---------- Data below
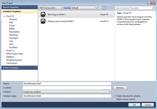 Запустите Visual Studio. Выберите меню Файл – Проект – Visual C# - ELMA. (рис. 1)
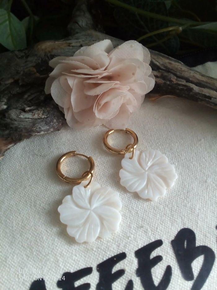 Boucles d'oreilles bohèmes fleurs de nacre blanche taillées à la main - photo numéro 1
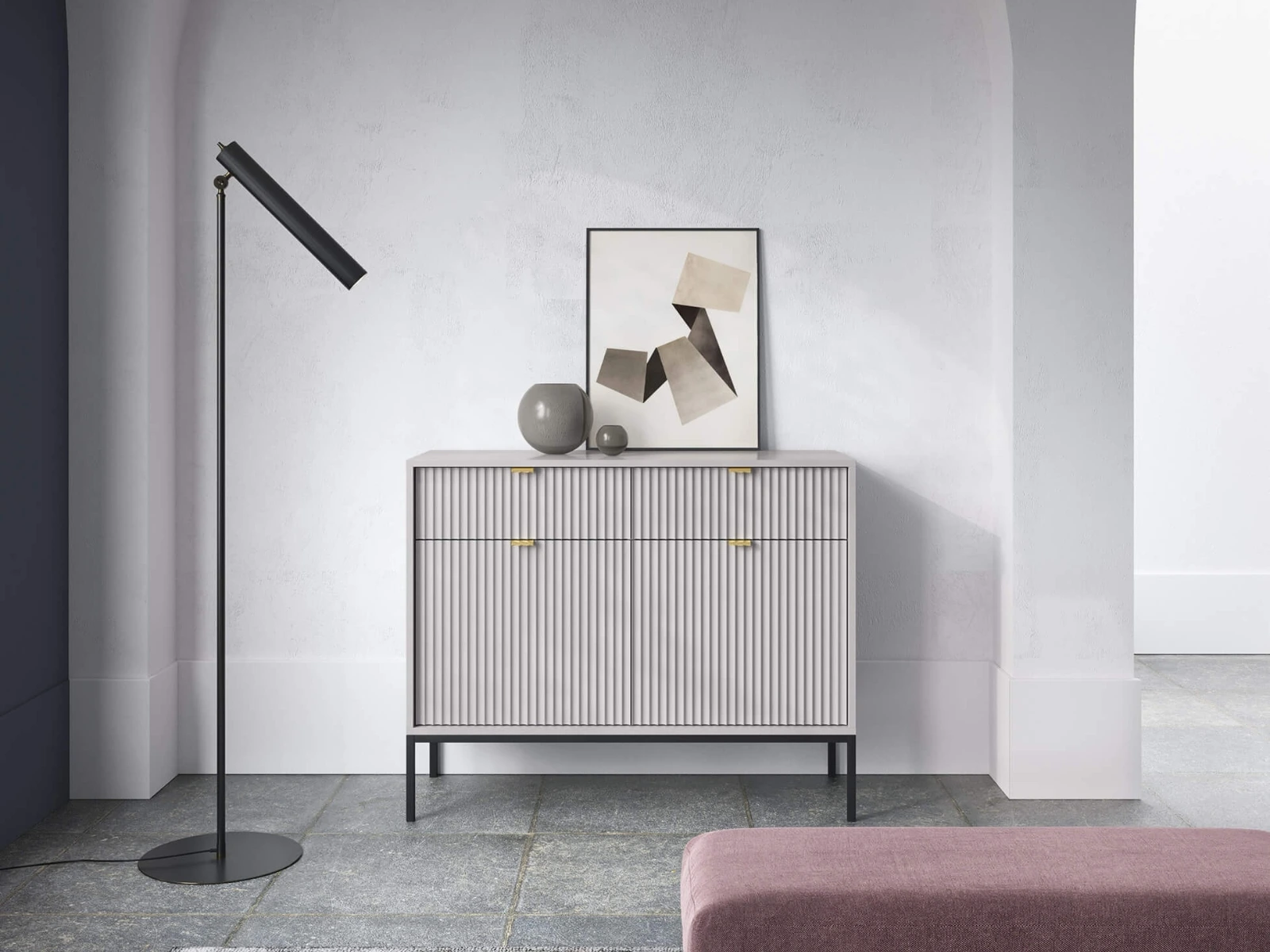 Do wyboru są dwie eleganckie wersje podstawy – czarna lub złota, które doskonale komponują się z komodą w kolorach czarnym, białym, szarym i zielonym, dodając każdemu z tych odcieni unikalnego charakteru i subtelnej klasy.
--------------------
Word for word, repeat all the data, but not its images.

• _Exercise response_
 Запустите Visual Studio. Выберите меню Файл – Проект – Visual C# - ELMA. (рис. 1)
 Boucles d'oreilles bohèmes fleurs de nacre blanche taillées à la main - photo numéro 1
 Do wyboru są dwie eleganckie wersje podstawy – czarna lub złota, które doskonale komponują się z komodą w kolorach czarnym, białym, szarym i zielonym, dodając każdemu z tych odcieni unikalnego charakteru i subtelnej klasy.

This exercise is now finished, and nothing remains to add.